The most important courses ranked:
- '02131', 9.635616786915753e-06
- '41511', 9.692464083593721e-06
- '41560', 1.210847419240741e-05
- '02402', 1.2148267300081986e-05
- '41704', 1.7054189003390714e-05
- '41401', 1.790689845356025e-05
- '41502', 2.4629091285730088e-05
- '41612', 2.489911594495044e-05
- '01035', 3.510320569864589e-05
- '41501', 6.733562291505434e-05
In regards to the shortest path we also tested out a hypothesis that states that DTU contain more base courses denoted by courses (nodes) that have the shortest path lenghts than courses that have longer shortest path lengths (advanced courses).
A graph showing the frequency of shortest path lenghts:
The last part of our analysis work of the network was identifiying the communities that could be found within it. The interesting aspect of this is that that we supposedly already now the communities (i.e. departments) but the network analyis tools like the louvain-algorithm might denote a different outcome. This could be telling us about how well the distrubution of courses between departments is actually.
The network with communities illustrated by color:
Firstly, we calculate the the assortativity of the undirected graph as a negative value ( -0.0667934917309). The negative value indicate that smiliar high-degree (important) courses do not show a tendency to link to other high-degree nodes(courses). Lastly, we calculate the modularity as it can be compared to the modularity of the actual communities later, where the modularity was 0.8053529955
Another network was made using the pre-requisites but this version set the actual communities denoted by departments.
The course network colored by departments:
Furthermore, networks for each department was created in order to calculate each department's (community) modularity to then collect at have a signle modularity value for the whole network Networks for each department.

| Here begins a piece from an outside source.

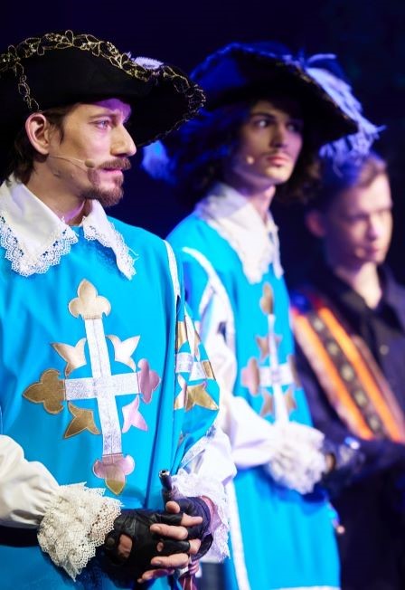 Действующие лица и исполнители:Д’Артаньян – Евгений Егоров, Александр Богданов, Артем ГниденкоАтос – Ефим Колитинов, Алексей Лысенко, Илья КреймерПортос – Константин МурановАрамис – Андрей Шугов, Эмиль КиракосянКонстанция, жена галантерейщика Бонасье – Татьяна Куликова, Юлия Пак, Дарья Бурлюкало, Олеся Левина, Ольга ПономареваМиледи – Яна Куц, Анастасия Негинская, Олеся Левина, Ильина ШмаковаКороль Людовик XIII – Владимир ФилипповКоролева Анна Австрийская – Вера Зудина, Александра Головина, Надежда Бодрова Кардинал Ришелье – Олег ЛицкевичДе Тревиль, капитан мушкетеров – Валерий ЗадонскийКэт, служанка Миледи – Юлия Пак, Ольга Пономарева, Анастасия НегинскаяБонасье, галантерейщик – Артем Гниденко, Алексей Лысенко, Артемий ПоляковГраф Рошфор – Ефим Колитинов, Иван Можейко, Алексей АлексеевЛорд Бэкингем – Иван Гуськов, Иван МожейкоФельтон-английский капитан – Иван Гуськов, Иван МожейкоДе Жюссак-капитан гвардейцев – Рустим Бахтияров, Андрей ШуговЛа шене-камердинер короля – Иван ФёдоровПалач – Иван Гуськов, Иван МожейкоГетера/Трактирщица/Госпожа Кокнар – Ника Рыкунина, Ильина Шмакова, Татьяна Куликова, Надежда БодроваМушкетеры, гвардейцы – Александр Богданов, Иван Гуськов, Иван Можейко, Эмиль Киракосян, Иннокентий Исаев, Степан Емельянов, Андрей Шугов, Илья Креймер, Артем ГниденкоКордебалет – Дарья Бурлюкало, Олеся Левина, Ника Рыкунина, Ильина Шмакова, Ольга Пономарева, Юлия Пак, Татьяна Куликова, Надежда БодроваПродолжительность: 3 часа (с антрактом)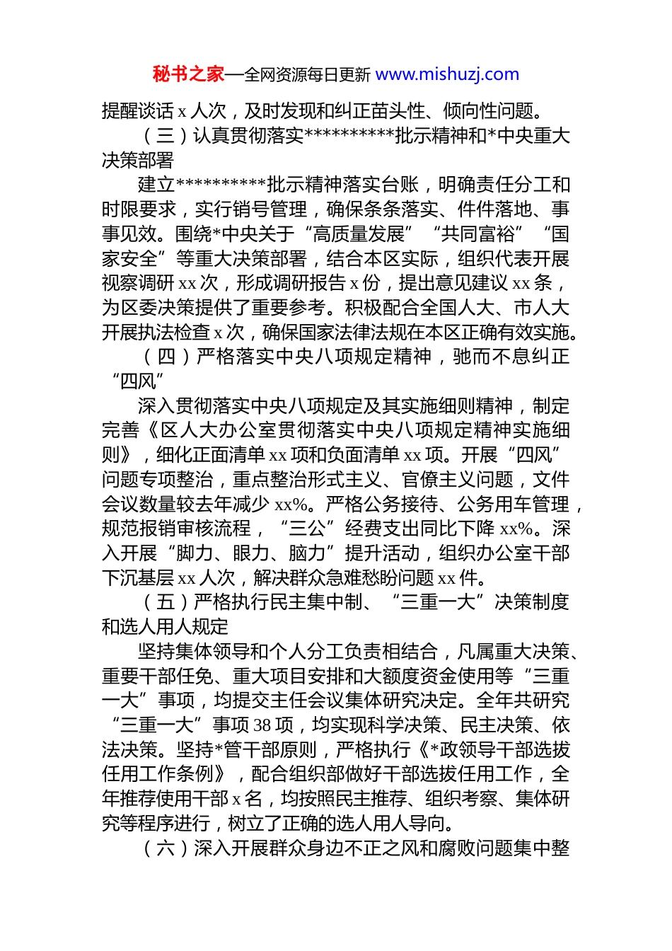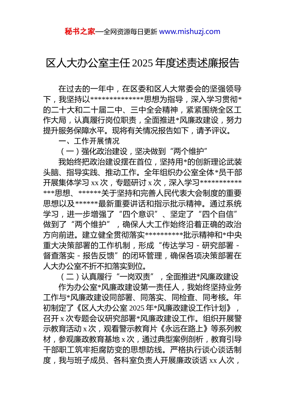 秘书之家—全网资源每日更新 www.mishuzj.com区人大办公室主任 2025 年度述责述廉报告在过去的一年中,在区委和区人大常委会的坚强领导下,我坚持以**************思想为指导,深入学习贯彻*的二十大和二十届二中、三中全会精神,紧紧围绕全区工作大局,认真履行岗位职责,全面推进*风廉政建设,努力提升服务保障水平。现将有关情况报告如下,请予评议。一、工作开展情况(一)强化政治建设,坚决做到“两个维护”我始终把政治建设摆在首位,坚持用*的创新理论武装头脑、指导实践、推动工作。全年组织办公室全体*员干部开展集体学习 xx 次,专题研讨 x 次,深入学习**************思想、******关于坚持和完善人民代表大会制度的重要思想以及******最新重要讲话和指示批示精神。通过系统学习,进一步增强了“四个意识”、坚定了“四个自信”做到了“两个维护”,确保人大工作始终沿着正确的政治方向前进。建立健全贯彻落实**********批示精神和*中央重大决策部署的工作机制,形成“传达学习-研究部署-督查落实-报告反馈”的闭环管理,确保各项决策部署在人大办公室不折不扣落实到位。(二)认真履行“一岗双责”,全面推进*风廉政建设作为办公室*风廉政建设第一责任人,我始终坚持业务工作与*风廉政建设同部署、同落实、同检查、同考核。年初制定了《区人大办公室 2025 年*风廉政建设工作计划》,召开 x 次专题会议研究部署*风廉政建设工作。组织开展警示教育活动 x 次,观看警示教育片《永远在路上》等系列教材,参观廉政教育基地 x 次,通过典型案例剖析,教育引导干部职工筑牢拒腐防变的思想防线。严格执行谈心谈话制度,我与班子成员、各科室负责人开展廉政谈话 xx 人次,秘书之家—全网资源每日更新 www.mishuzj.com提醒谈话 x 人次,及时发现和纠正苗头性、倾向性问题。(三)认真贯彻落实**********批示精神和*中央重大决策部署建立**********批示精神落实台账,明确责任分工和时限要求,实行销号管理,确保条条落实、件件落地、事事见效。围绕*中央关于“高质量发展”“共同富裕”“国家安全”等重大决策部署,结合本区实际,组织代表开展视察调研 xx 次,形成调研报告 x 份,提出意见建议 xx 条,为区委决策提供了重要参考。积极配合全国人大、市人大开展执法检查 x 次,确保国家法律法规在本区正确有效实施。(四)严格落实中央八项规定精神,驰而不息纠正“四风”深入贯彻落实中央八项规定及其实施细则精神,制定完善《区人大办公室贯彻落实中央八项规定精神实施细则》,细化正面清单 xx 项和负面清单 xx 项。开展“四风”问题专项整治,重点整治形式主义、官僚主义问题,文件会议数量较去年减少 xx%。严格公务接待、公务用车管理,规范报销审核流程,“三公”经费支出同比下降 xx%。深入开展“脚力、眼力、脑力”提升活动,组织办公室干部下沉基层 xx 人次,解决群众急难愁盼问题 xx 件。(五)严格执行民主集中制、“三重一大”决策制度和选人用人规定坚持集体领导和个人分工负责相结合,凡属重大决策、重要干部任免、重大项目安排和大额度资金使用等“三重一大”事项,均提交主任会议集体研究决定。全年共研究“三重一大”事项 38 项,均实现科学决策、民主决策、依法决策。坚持*管干部原则,严格执行《*政领导干部选拔任用工作条例》,配合组织部做好干部选拔任用工作,全年推荐使用干部 x 名,均按照民主推荐、组织考察、集体研究等程序进行,树立了正确的选人用人导向。(六)深入开展群众身边不正之风和腐败问题集中整秘书之家—全网资源每日更新 www.mishuzj.com治,打好问题整改硬仗根据区委统一部署,牵头开展“民生领域突出问题专项整治”行动,重点围绕教育医疗、养老社保、生态环保等领域,督促相关部门解决群众反映强烈问题 xx 个。组织开展“人大代表助力乡村振兴”活动,动员各级代表深入田间地头,发现并推动解决涉农问题 x 个。针对上年度述职评议指出问题,制定整改措施 xx 条,已完成整改 xx 条,剩余 x 条正在持续推进中。牵头办理代表议案建议 xx 件,办复率 100%,满意率 98.5%。(...

The overall modularity for the actual communities were 0.4492397651481369. The disparity(the other modularity is higher) between modularity values indicate that the departments are not the best way of defining the communities. The modularity of the communities of the undirected version of the department based network was also higher (0.6853537981269512).
The simplified colored network for courses by departments:
Overall departments can't be considered good communities, so the student has to think beyond his/her department when choosing courses.